I will start with a description of what our Sundays looked like pre-lockdown and post-lockdown. I have a feeling that even after all of these lockdowns finish church might never go back to being the same as it was before. I’m hoping that there are things that we’ve learned from this experience that will help us to make our church attendance even more meaningful in the future, so I want to record now what it has been so I can remember in the future.
This year our ward met at 10:30am (which is my favorite time for church, I’m really ticked that COVID has robbed us of so many months of that meeting time). Each Sunday morning I would need to get all 6 of us showered, dressed, hair done, fed, diaper bag packed, lessons prepared, shoes on and everyone in the car by about 10:20am.
Since my husband rarely gets up before 9am (and I try to avoid traipsing the kids in and out of our bathroom while he sleeps) the whole rigamorole had to happen in less than an hour and a half. I would try frequently to get as much organized on Saturday night to avoid the scramble, but most Sundays still found us sliding in a little late and a lot frazzled just before the sacrament if we were lucky… just after it if we weren’t.
Sacrament meeting was frequently spent trying to keep our 2 year old reasonably reverent and the kids quietly occupied with coloring or snacks in the hope that my husband or I could glean a little bit from the 3+ talks in the meeting.

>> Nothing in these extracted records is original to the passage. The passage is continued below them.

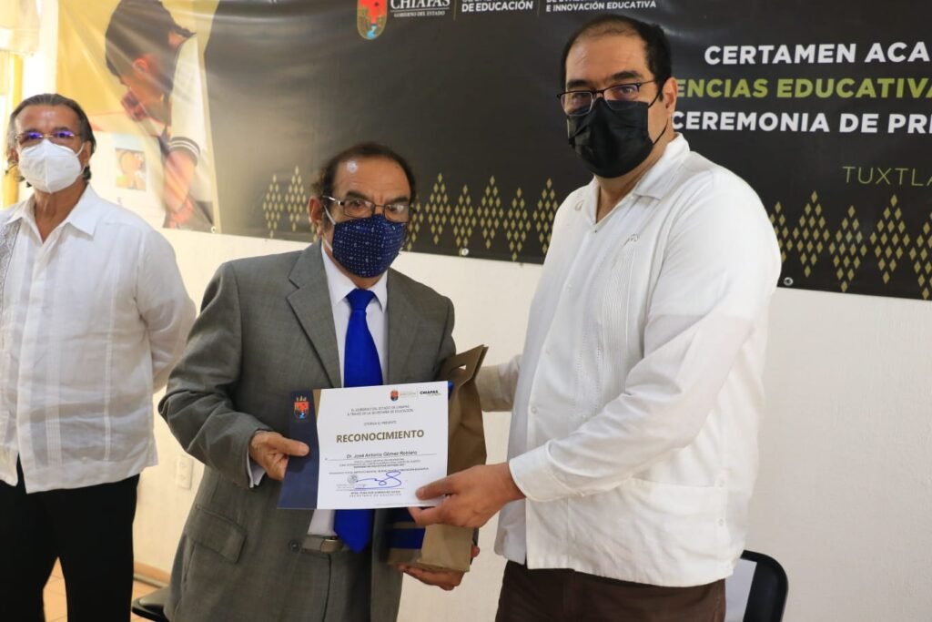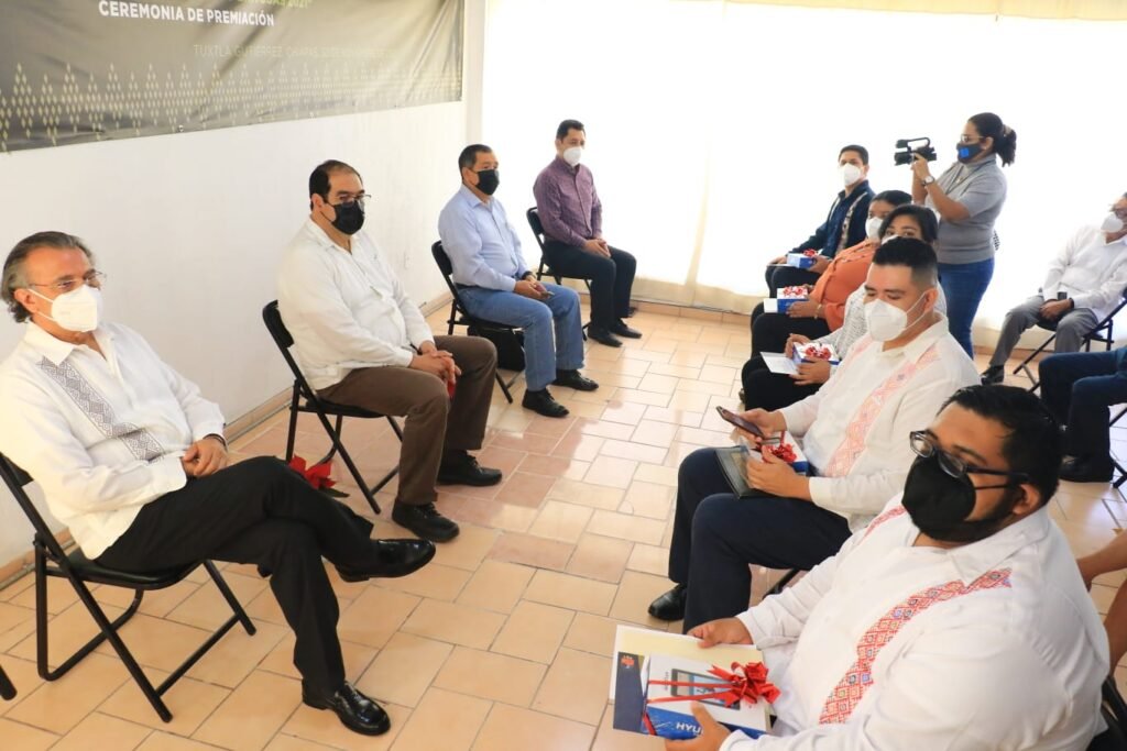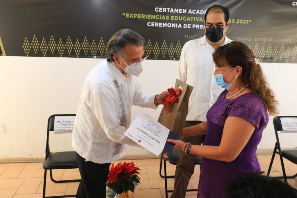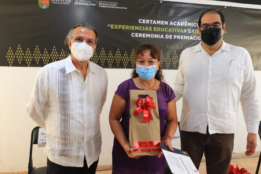 Tuxtla Gutiérrez, Chiapas.- El Instituto Estatal de Evaluación e Innovación Educativa (Ineval), realizó este martes la premiación del Certamen Académico: “Experiencias Educativas Exitosas 2021”, acto encabezado por el subsecretario de Planeación Educativa, José Francisco Oliva Gómez, en representación de la Secretaría de Educación, y el director general del Ineval, Roberto David Vázquez Solís.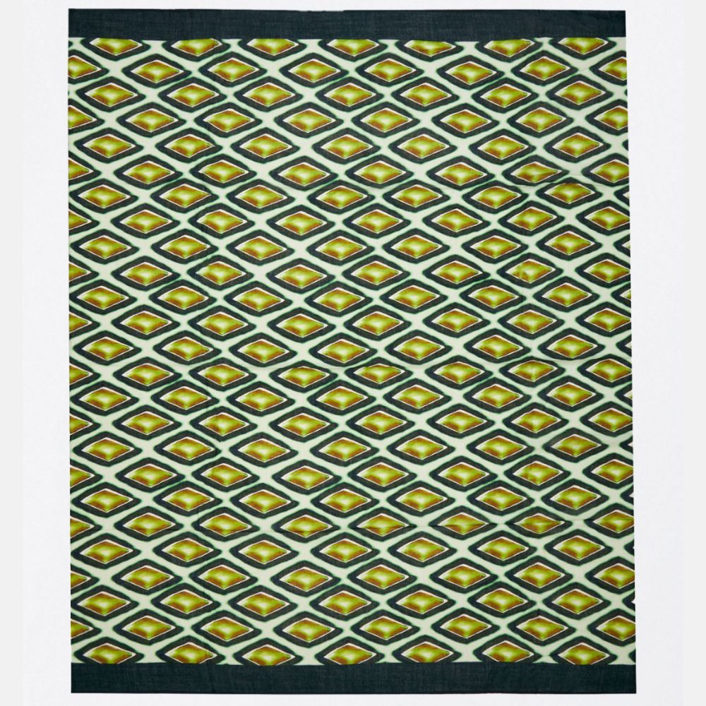 Pañuelo de Surkana, 100% viscosa, en color verde oscuro con estampado de rombos grandes en tonos verdes y camel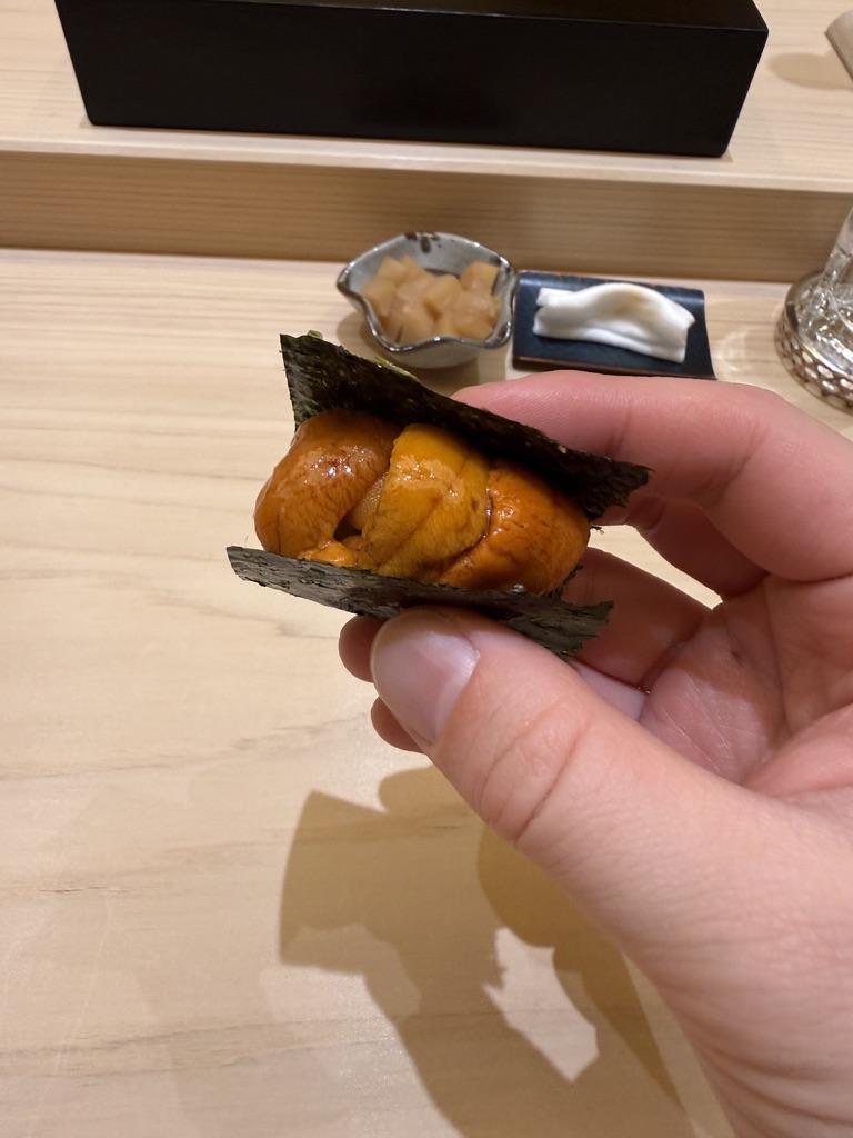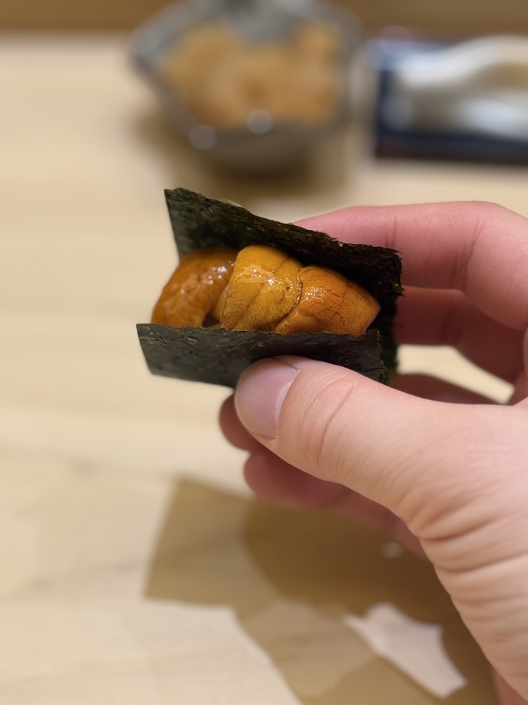 新潟では雲丹は取れないらしく、こちらのみ地のものではないもの。雲丹がうますぎることは言うまでもないんだけど、海苔が抜群に旨い。わさびもバッチリ効いていて、雲丹、海苔、シャリをまとめ上げている。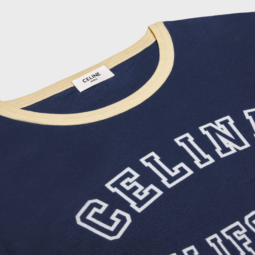 калифорнијска мајица 70-их у памучном дресу блеу нуит/пита од лимуна/офф вх CELINE Z2BBHT776 Одећа Жене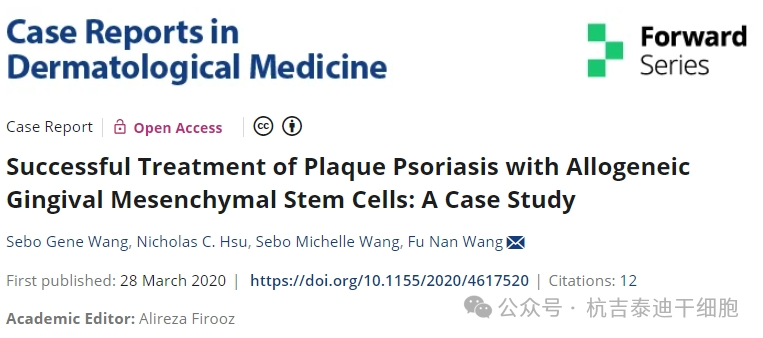 美國加州洛馬林達大學醫學院的團隊在行業期刊Case Rep Dermatol Med 上發表了題為Successful Treatment of Plaque Psoriasis with Allogeneic Gingival Mesenchymal Stem Cells: A Case Study(間充質干細胞成功治療斑塊性銀屑病:案例研究)(下圖)。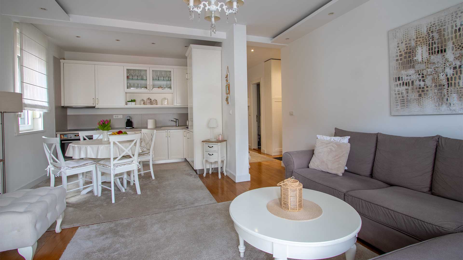 Prostorije: dnevna, kuhinja sa trpezarijom, 2 spavaće sobe, kupatilo, wc, terasa.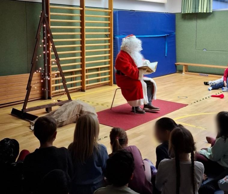 Am Montag nach dem Nikolaustag versammelten sich die Kinder der SEP 1 und 2 in der Turnhalle. Dort erwartete sie eine Überraschung: der Nikolaus kam! Er konnte zu jeder Klasse etwas sagen und brachte sogar für jede Klasse ein Geschenk mit. Die Freude war groß! Als Dankeschön wurden Lieder gesungen und Gedichte aufgesagt.
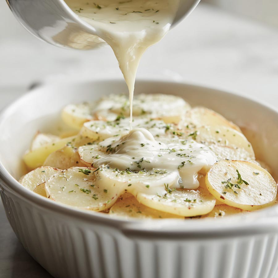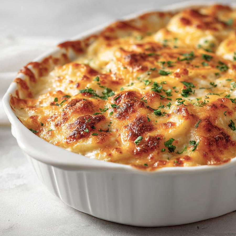 Tender layers of sliced potatoes baked in a creamy cheese sauce that forms a golden crust on top. A simple and reliable side dish for family meals.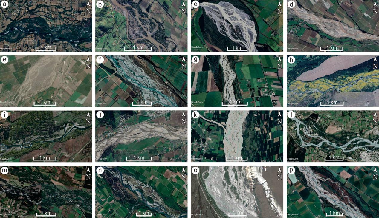 图1现代砾质辫状河心滩及河道平面分布特征

I have the rule that no distractions come out until after the sacrament, and that if I have to take a child into the hall they don’t get any freedom to move around. I try to be careful not to reward misbehaving in sacrament meeting with the freedom to play in the halls. Although a lot of what I’ve written about deals more with discipline, I really did enjoy those sacrament meetings. Even when I couldn’t pay full attention to every second of the talks I pretty much always walked away with a few moments that touched my heart and had a message for me personally. Attending sacrament meeting always was a boost for my week and well worth the hassle of bringing my circus to it.
For second hour my husband would head off to Sunday School (he’s our ward’s Sunday School president), my older 3 would head off to primary, and I would go to nursery with our youngest (my current calling is as a nursery leader). I have the younger class of nursery kids so our main goal was to minimize crying for the full hour 😛 We would squeeze in a super brief lesson and have some fun with singing time, but primarily the kids played with toys and I would chat with my partner and the other parents that were trying to acclimate their kids to nursery.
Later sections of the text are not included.